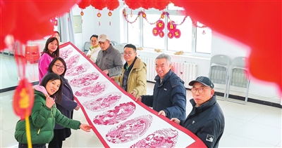 河北区王串场街容彩里社区“彩”剪社的成员,展示剪纸作品“九龙图”,喜迎龙年春节的到来。
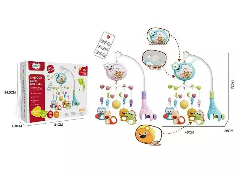 Карусель музична 368-11 (36) 2 кольори, мелодії, підсвічування, оберт на 360, брязкальця, пульт, в коробці
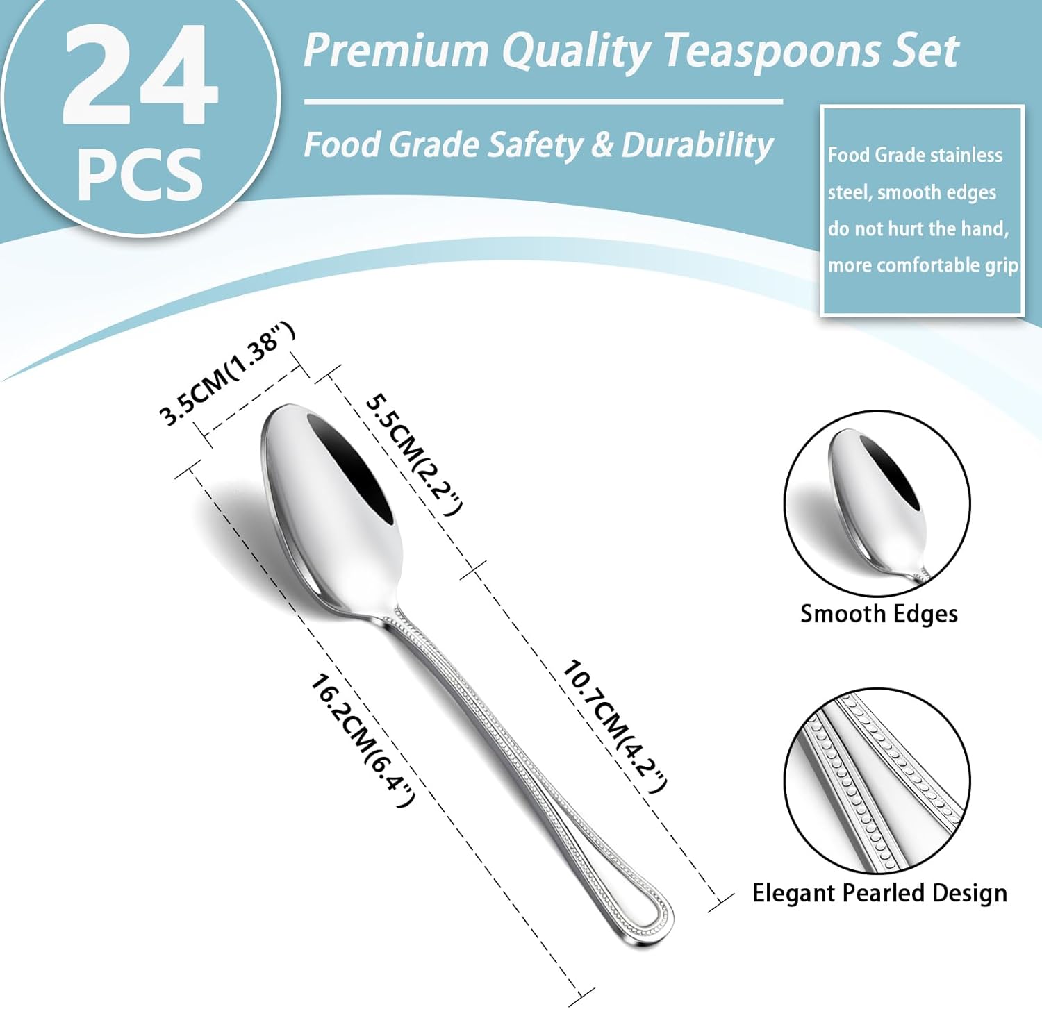 24 Pieces Teaspoons Set, 6.4 Inches Spoon Set, Stainless Steel Silverware, Small Spoons with Pearl Dot Design Handle, Dishwasher Safe, Tea Spoons Suitable for Home and Restaurant
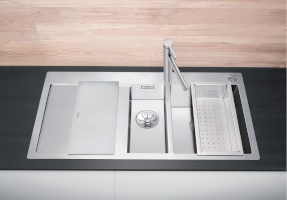Мойки Blanco Claron для монтажа сверху или в один уровень со столешницей с площадкой в стали Durinox
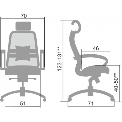 **Высота сиденья в верхнем и нижнем положении может быть изменена, в зависимости от модели применяемого газ-лифта.
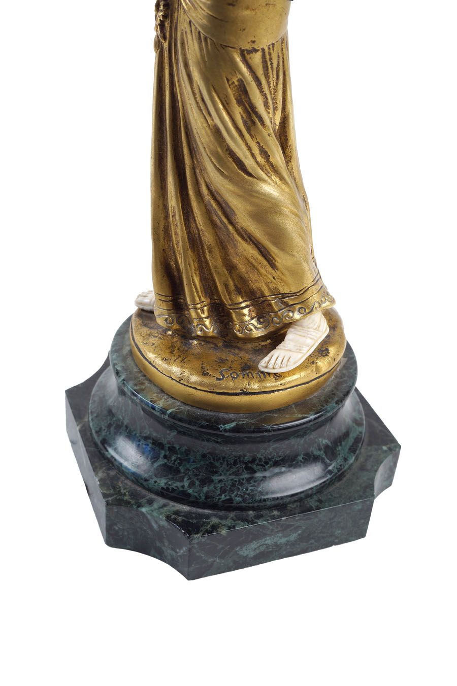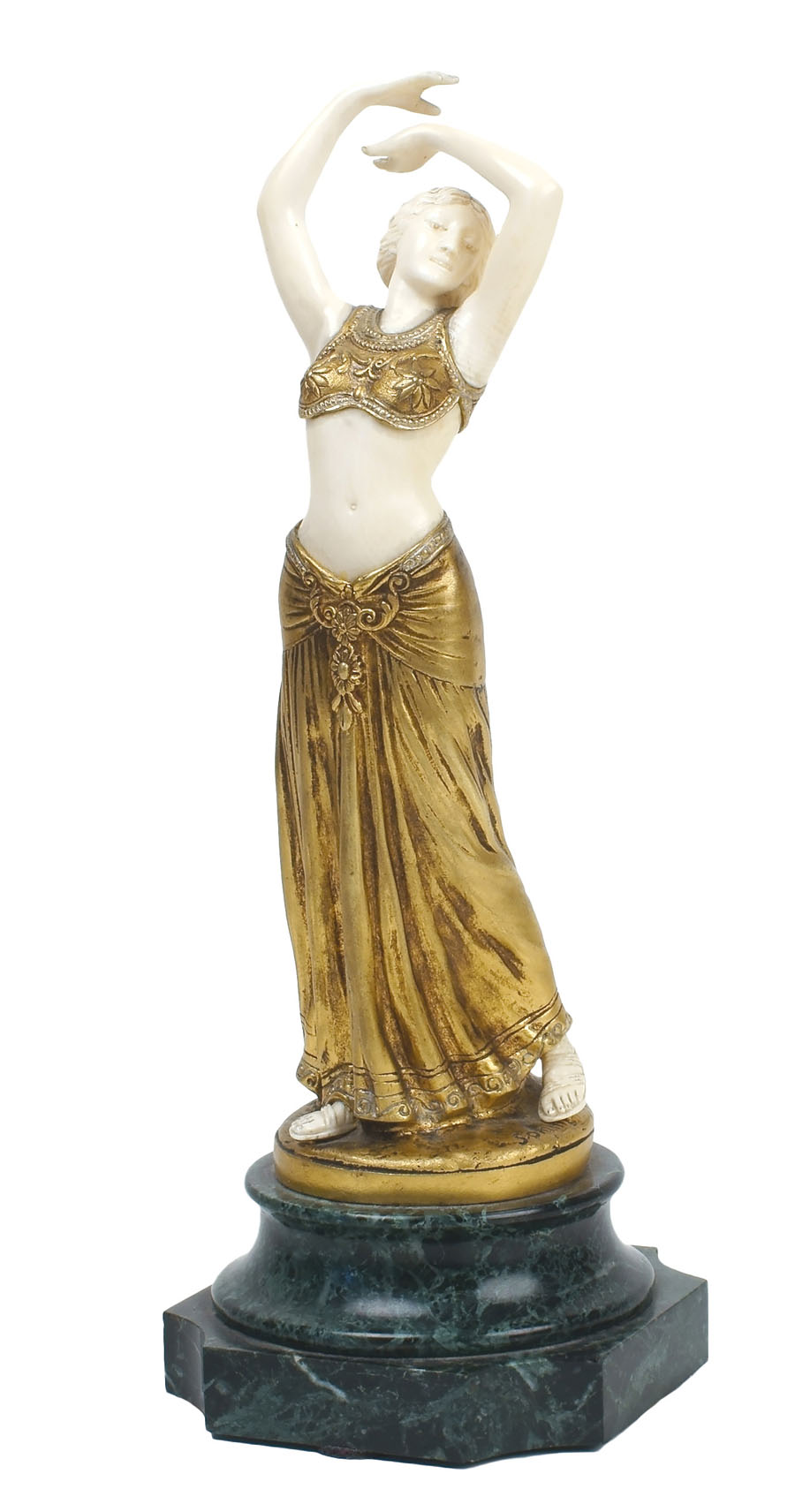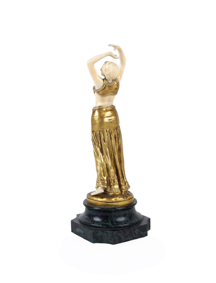 THEOPHILE FRANCOIS SOMME Francia 1871-1952 "Odalisca", scultura crisoelefantina in bronzo e avorio realizzata tra la fine del XIX e l'inizio del XX secolo, firmata , poggiante su base in marmo verde Alpi THEOPHILE FRANCOIS SOMME France 1871 - 1952 "Odalisque", chryselephantine sculpture made of ivory and bronze, signed and on a verde Alpi marble base h. 31 cm.
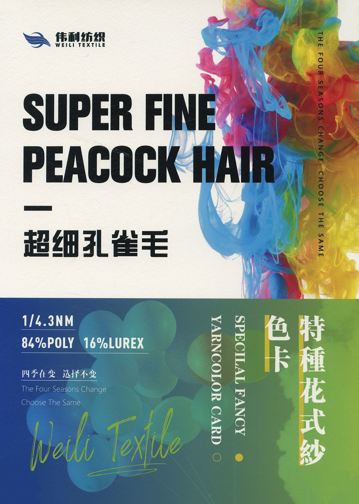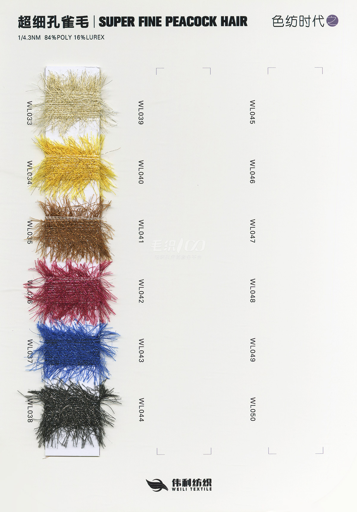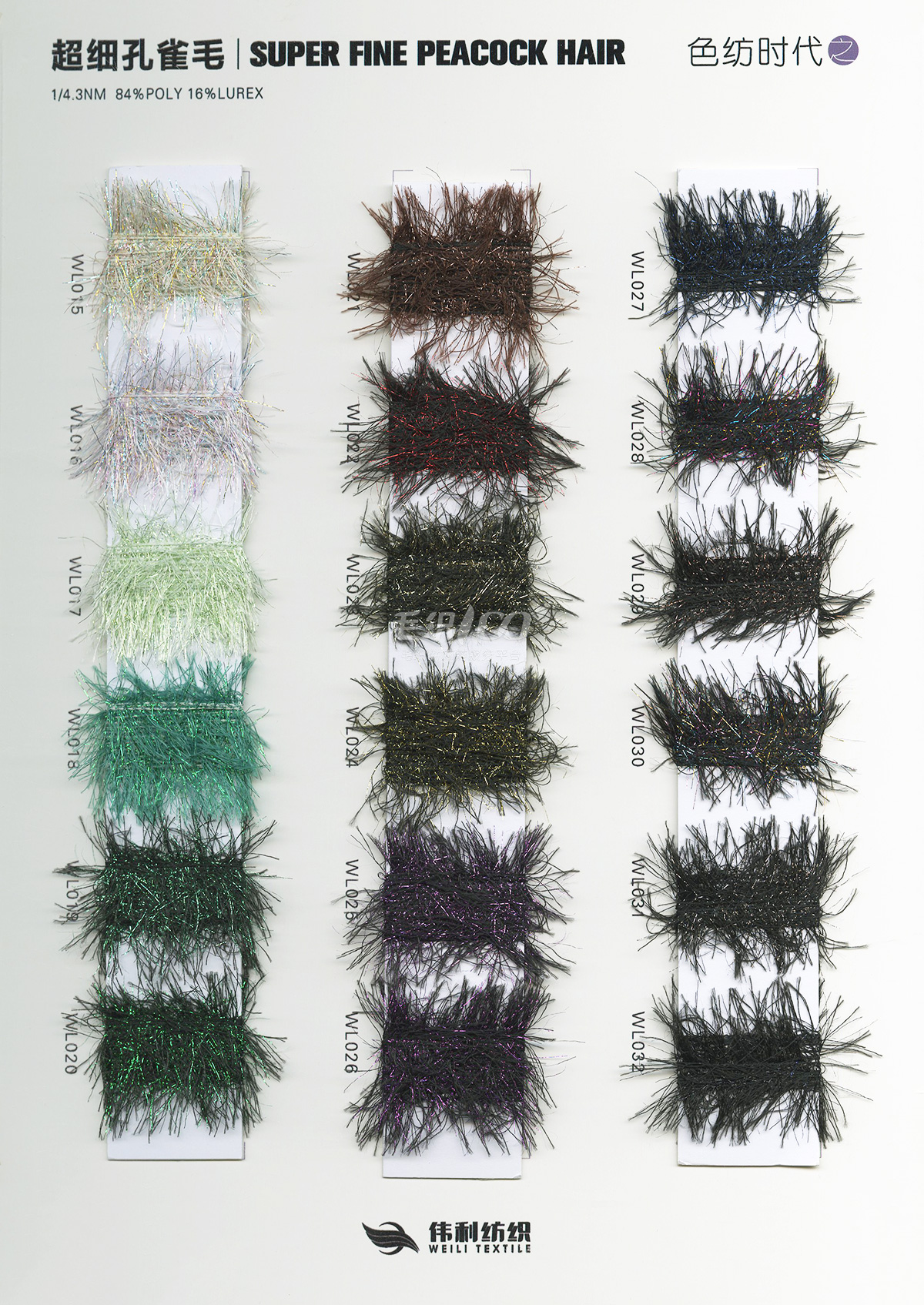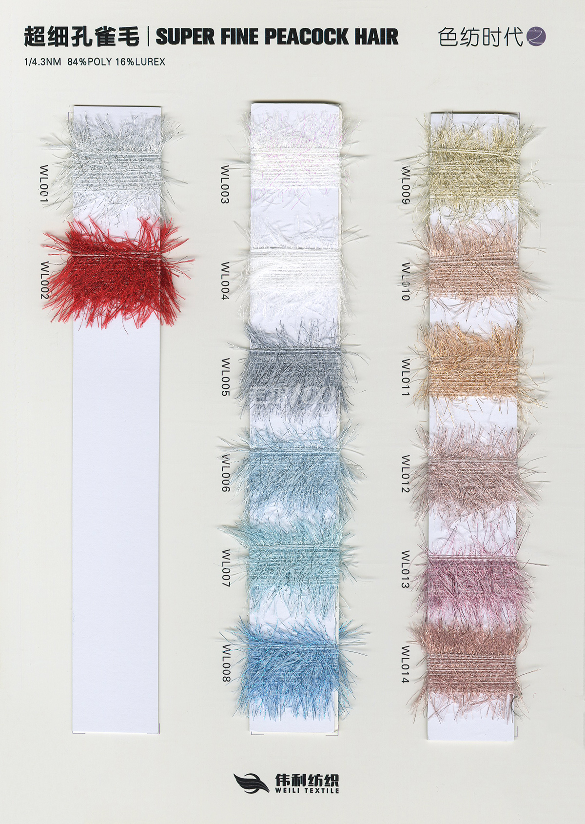 特種花式紗系列:螞蟻絨、棉花絨、珊瑚絨、花駝絨、磨毛考拉絨、彩虹噴毛紗、羊絨珠片紗、再生莫代爾珠片紗、漸變彩虹噴毛系列、金銀蜈蚣紗、金銀玻璃紗、金銀雙包紗、金銀空心帶、香腸紗、蜻蜓紗、蝴蝶紗、高速帶、馬海毛、空心帶、米粉紗、小肚棉、彩點紗、經緯紗、水結珠、梯仔紗、菊花紗、燈籠紗、羊駝毛、圈圈紗、等花式特種紗。
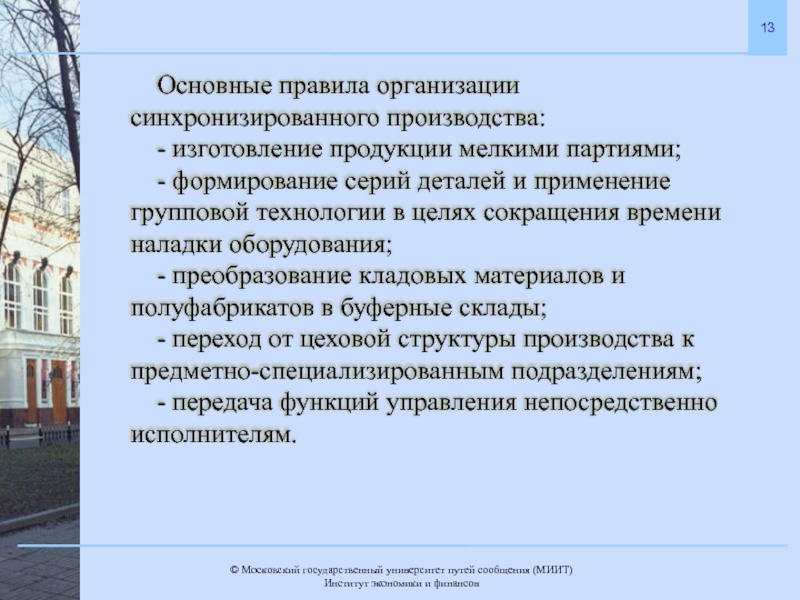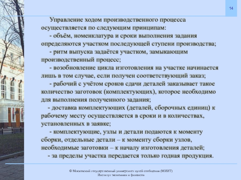 Слайд 14 Управление ходом производственного процесса осуществляется по следующим принципам:
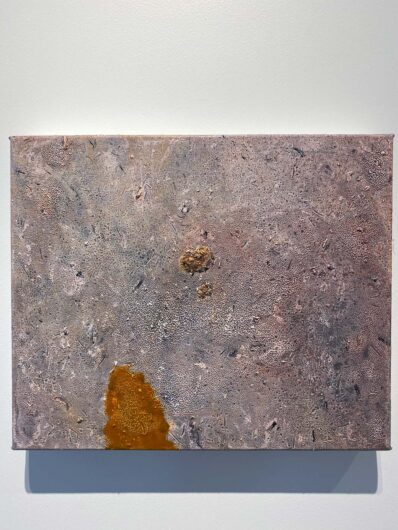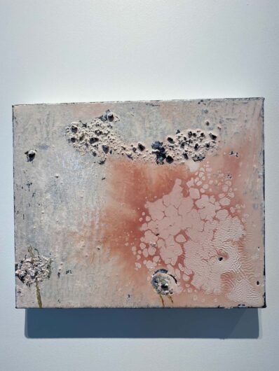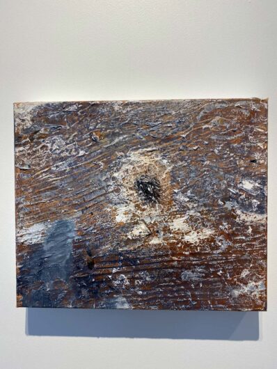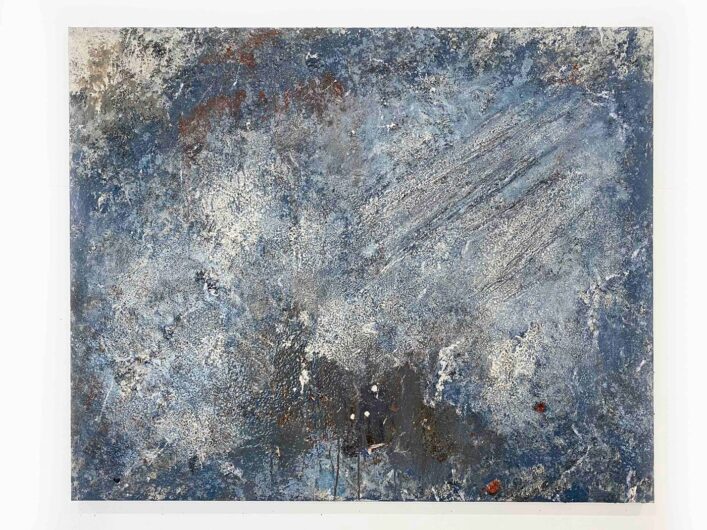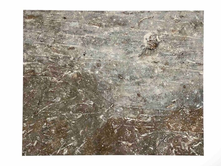 In this third (and final) series of works on this subject, all references to life sustaining water, however oblique, are gone and the primal mud has turned to apocalyptic sludge. The scarified surfaces are etched and incised, wounds that seep from fissures beneath the skin or just openly bleed. In these works we are reminded of the remnants (either human, animal or vegetable) of life in our threatened natural world. Neil Fettling.
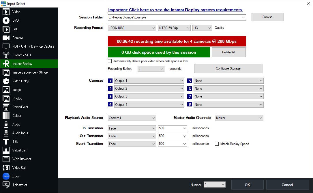 Recordings will be kept in a folder called vmixreplay on the selected drive.

▸ WHAT THE TASK ASKS
What is needed is an exact copy of the lines above from the one with "модели применяемого газ-лифта." to the one with "THEOPHILE FRANCOIS SOMME Francia", both ends kept, and nothing more; please leave the pictures out.

▸ RESULT OF THE TASK
 **Высота сиденья в верхнем и нижнем положении может быть изменена, в зависимости от модели применяемого газ-лифта.
 THEOPHILE FRANCOIS SOMME Francia 1871-1952 "Odalisca", scultura crisoelefantina in bronzo e avorio realizzata tra la fine del XIX e l'inizio del XX secolo, firmata , poggiante su base in marmo verde Alpi THEOPHILE FRANCOIS SOMME France 1871 - 1952 "Odalisque", chryselephantine sculpture made of ivory and bronze, signed and on a verde Alpi marble base h. 31 cm.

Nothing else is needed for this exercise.